Protein domains are the structural and functional units of proteins. The ability to parse proteins into different domains is important for effective classification, understanding of protein structure, function and evolution and is hence biologically relevant. Several computational methods are available to identify domains in the sequence. Domain finding algorithms often employ stringent thresholds to recognize sequence domains. Identification of additional domains can be tedious involving intense computation and manual intervention but can lead to better understanding of overall biological function. In this context, the problem of identifying new domains in the unassigned regions of a protein sequence assumes a crucial importance. We report the availability of a convenient server for the domain prediction in unassigned regions in proteins (PURE) which can be accessed at "http://caps.ncbs.res.in/PURE/":http://caps.ncbs.res.in/PURE/
Introduction
Protein domains are the structural and functional units of proteins and represent one of the most useful levels to understand protein function. Analysis of proteins at the level of domain families has had a profound impact on the study of individual proteins. The availability of information on additional co-existing domains can provide knowledge about the overall function of a protein. The word ‘domain’ was coined by Wetlaufer 1 to suggest the presence of compact substructures within protein folds: such domains are called ‘structural domains’. Soon, biochemical experiments proved that some domains are capable to be an independent folding unit: such domains are called ‘folding domains’. Amongst several proteins involved in signal transduction, individual domains might be responsible for carrying out a specific function such that the whole gene is capable of multi-tasking in response to the requirements and be recruited in particular biochemical pathways: such domains are called ‘functional domains’. In many instances, these domains and their boundaries might coincide. They can be defined using multiple criteria, or combinations of criteria, including evolutionary conservation, discrete functionality and the ability to fold independently 2. Several reports have reviewed the domain architectures of members of protein families to suggest overall function of whole proteins (for example 3-6, for phosphatases).

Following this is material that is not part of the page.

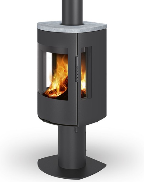 Ce modèle est idéal pour ceux qui recherchent qualité et fonctionnalité dans un design simple. La pierre serpentine naturelle, les carreaux de céramique ou la tôle noire durable sont disponibles comme revêtement.

Protein domain discovery using various computational approaches has been progressing steadily over the past 35 years 7. The identification of protein domains within a polypeptide chain can be achieved in several ways. Methods applied by classification databases such as the Dali Domain Dictionary 8, CATH 9, SCOP 10, DIAL 11, HOMSTRAD 12 employ structural data to locate and assign domains. Such structural data could be queried using objective algorithms (for example, SCOP information is organized in SUPERFAMILY database as Hidden Markov Models (HMM) 13). Identification of domains at the sequence level most often relies on the detection of global and local sequence alignments between a given target sequence and domain sequences found in databases such as Pfam 14. These organized databases of sequence domain families can also be queried using objective HMM algorithms. Continuing efforts to improve domain identification have produced wealth of different algorithms like the very recently developed DOMAC 15, DOMPRED 16 or DomainDiscovery 17 (see Bioinformatics Link Directory for a comprehensive list of available servers in this field18). However, difficulties in elucidating the domain content of a given sequence still arise when searching the target sequence against sequence or structural databases resulting in a lack of significant matches. For example, Mycoplasma genitalium is a small genome with 483 proteins but only 386 protein sequences have known Pfam hits with 56% residue coverage 19 emphasizing the need to further explore other methods for domain assignment from sequence. These are largely due to reasons such as high evolutionary divergence, distant similarities and incomplete or unequal representation of protein families in sequence space 20, 21. Though, similar approaches of integrating multiple, sensitive database search to detect distant homologues has been reported as a successful method to establish remote homology22, 23, we have recently shown that it is possible to enhance prediction of domains by 25% through indirect connections, namely consulting the domain architecture of sequence homologues 24.
In this paper, we report the availability of a bioinformatics protocol as a web server called PURE (domain Prediction in unassigned regions in proteins), which will enhance the domain predictions. PURE protocol utilizes the concept of Intermediate Sequence Search (ISS) 22 to assign functional domain to a given unassigned region with the help of connecting sequences. Whereas the concept of ISS is classically applied for sequence similarity at the whole protein level22, in this protocol, we make use of the property that homologous sequences could adopt similar domain architectures and where sequence homology exists at different domains, such an extrapolation of domain architectures is plausible.
Unassigned regions in proteins are examined in the non-redundant sequence (NR) database, using PSI-BLAST, for homologues at stringent thresholds. Representative homologues, identified at the unassigned region, are traced back to their full-length sequences and subject to time-intensive hmmpfam search that enables the delineation of domain architectures of all homologues. Where a direct hmmpfam search could not yield any relationship to a pre-existing protein domain family, we have earlier shown that as much as 25% of connections could be obtained by following the indirect assignment of domains. These are termed as ‘indirect connections’. Indirect connections between the query and distantly related domain is established through a powerful procedure using PSI-BLAST hits which are individually routed through a rigorous hmmpfam search against Pfam database 25. In addition, PURE server automatically provides other structurally relevant findings such as the prediction of coiled coils and transmembrane helices.